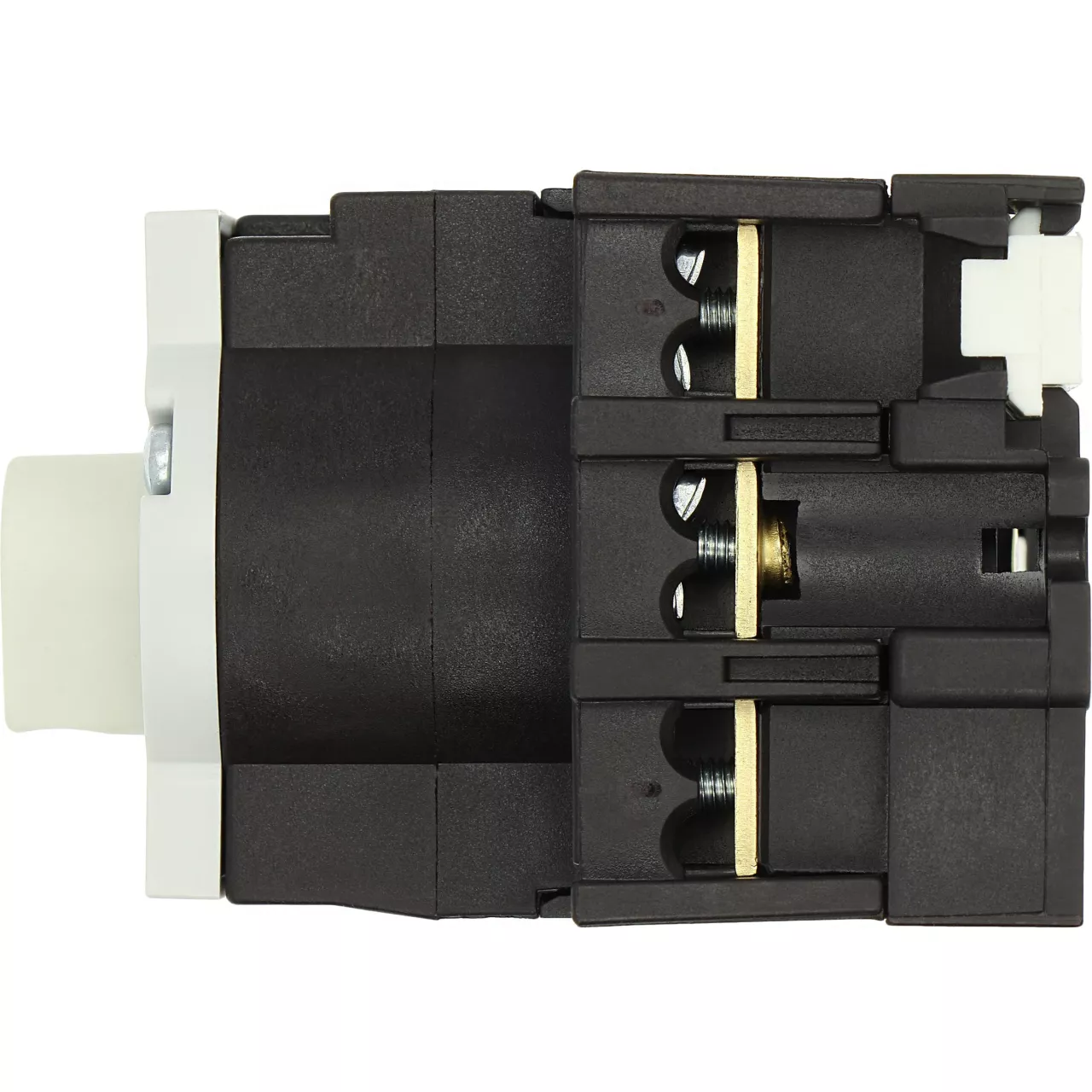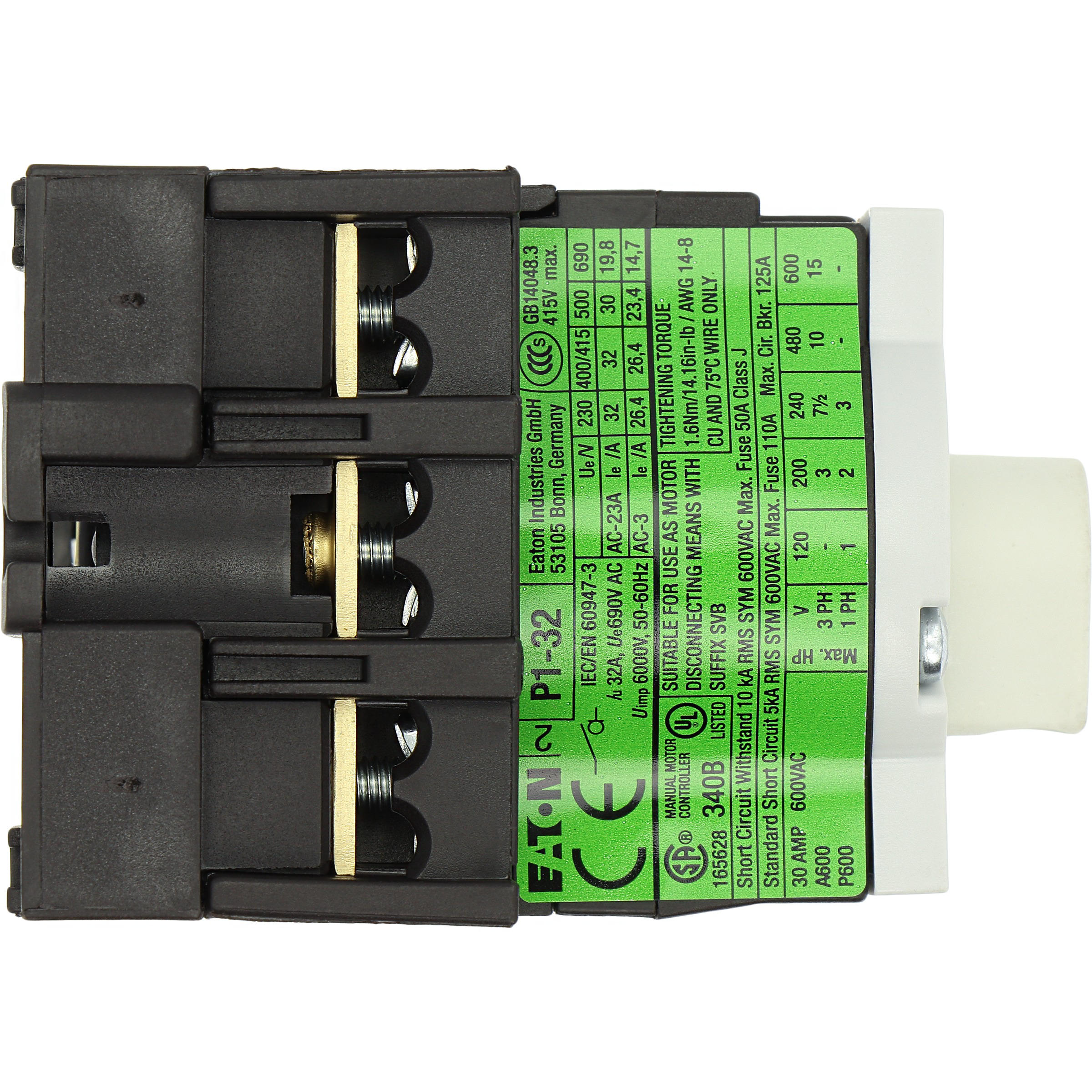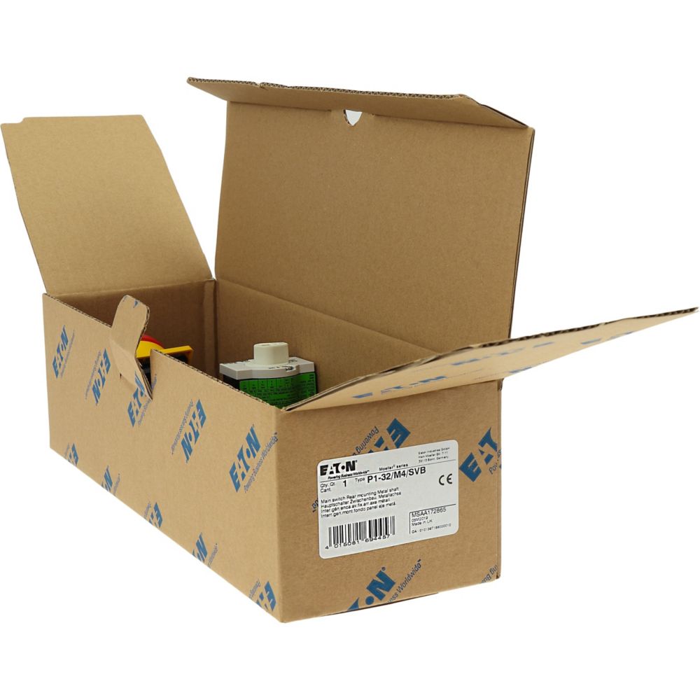 Wyłącznik główny, P1, Znamionowy prąd ciągły (Iu): 32 A, Funkcje: Z mechanizmem ryglującym, Funkcja wyłączania awaryjnego, Wyposażone w: Metalowa oś do rozdzielnic o głębokości 400 mm, Czerwony uchwyt obrotowy i żółty pierścień blokujący, Sposób montażu: Montaż na panelu tylnym, Liczba biegunów: Trzybiegunowy, Element blokujący: Możliwość zablokowania w położeniu 0 (Wył.), Stopień ochrony: NEMA 12
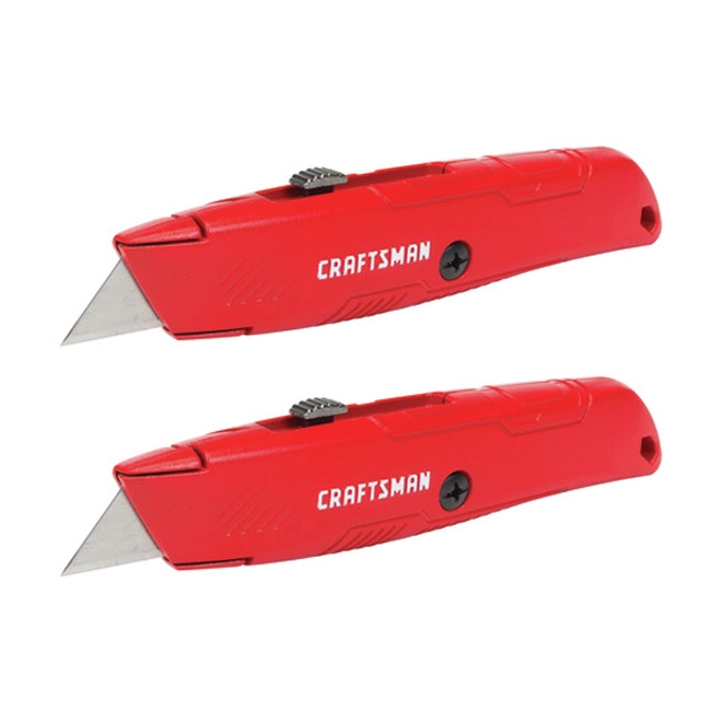 This pack of 2 Craftsman® utility knives offers a strong blade retention system, allowing for safe and efficient heavy-duty cutting, as well as a swing-out blade storage for easy access to replacement blades. The blade is retractable in 3 positions for variable cut depth. Includes 6 utility blades. This product is backed by a limited lifetime warranty.
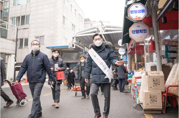 [한국연예축제일보, 유혜경기자] 이정훈 강동구청장이 민족 고유의 명절인 설을 앞두고, 지난 2일 오전 강동구 관내 전통시장을 방문해 코로나19로 어려움을 겪고 있는 시장 상인들을 격려했다.
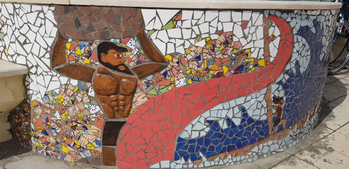 Il progetto prevede la realizzazione di 53 mosaici per tutto il lungomare. Si è partito da uno studio progettuale con tema ‘Odissea’ per selezionare vari disegni più idonei alla tematica.
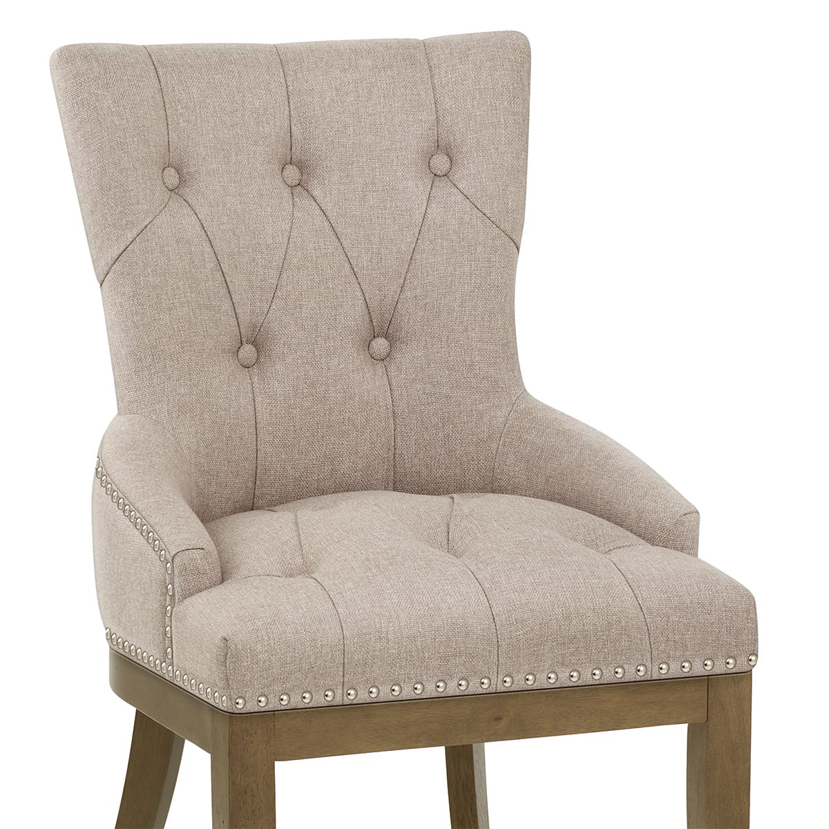 Charming in tweed, the fabric seat has many decorative details, including metal stud edging and deep button detail. Additionally, there is a belted frame beneath the seat to offer first-class comfort.
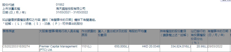 智通财经APP获悉,香港联交所最新资料显示,3月28日,Premier Capital Management (PTC) Ltd.增持海天国际(01882)65万股,每股作价20.0348港元,总金额约为1302.26万港元。增持后最新持股数目约为3.35亿股,最新持股比例为20.98%。

★ ★ ★

Requirement> The expected output is every entry, retyped exactly, with all pictures removed.

Solution to the problem>
 Wyłącznik główny, P1, Znamionowy prąd ciągły (Iu): 32 A, Funkcje: Z mechanizmem ryglującym, Funkcja wyłączania awaryjnego, Wyposażone w: Metalowa oś do rozdzielnic o głębokości 400 mm, Czerwony uchwyt obrotowy i żółty pierścień blokujący, Sposób montażu: Montaż na panelu tylnym, Liczba biegunów: Trzybiegunowy, Element blokujący: Możliwość zablokowania w położeniu 0 (Wył.), Stopień ochrony: NEMA 12
 This pack of 2 Craftsman® utility knives offers a strong blade retention system, allowing for safe and efficient heavy-duty cutting, as well as a swing-out blade storage for easy access to replacement blades. The blade is retractable in 3 positions for variable cut depth. Includes 6 utility blades. This product is backed by a limited lifetime warranty.
 [한국연예축제일보, 유혜경기자] 이정훈 강동구청장이 민족 고유의 명절인 설을 앞두고, 지난 2일 오전 강동구 관내 전통시장을 방문해 코로나19로 어려움을 겪고 있는 시장 상인들을 격려했다.
 Il progetto prevede la realizzazione di 53 mosaici per tutto il lungomare. Si è partito da uno studio progettuale con tema ‘Odissea’ per selezionare vari disegni più idonei alla tematica.
 Charming in tweed, the fabric seat has many decorative details, including metal stud edging and deep button detail. Additionally, there is a belted frame beneath the seat to offer first-class comfort.
 智通财经APP获悉,香港联交所最新资料显示,3月28日,Premier Capital Management (PTC) Ltd.增持海天国际(01882)65万股,每股作价20.0348港元,总金额约为1302.26万港元。增持后最新持股数目约为3.35亿股,最新持股比例为20.98%。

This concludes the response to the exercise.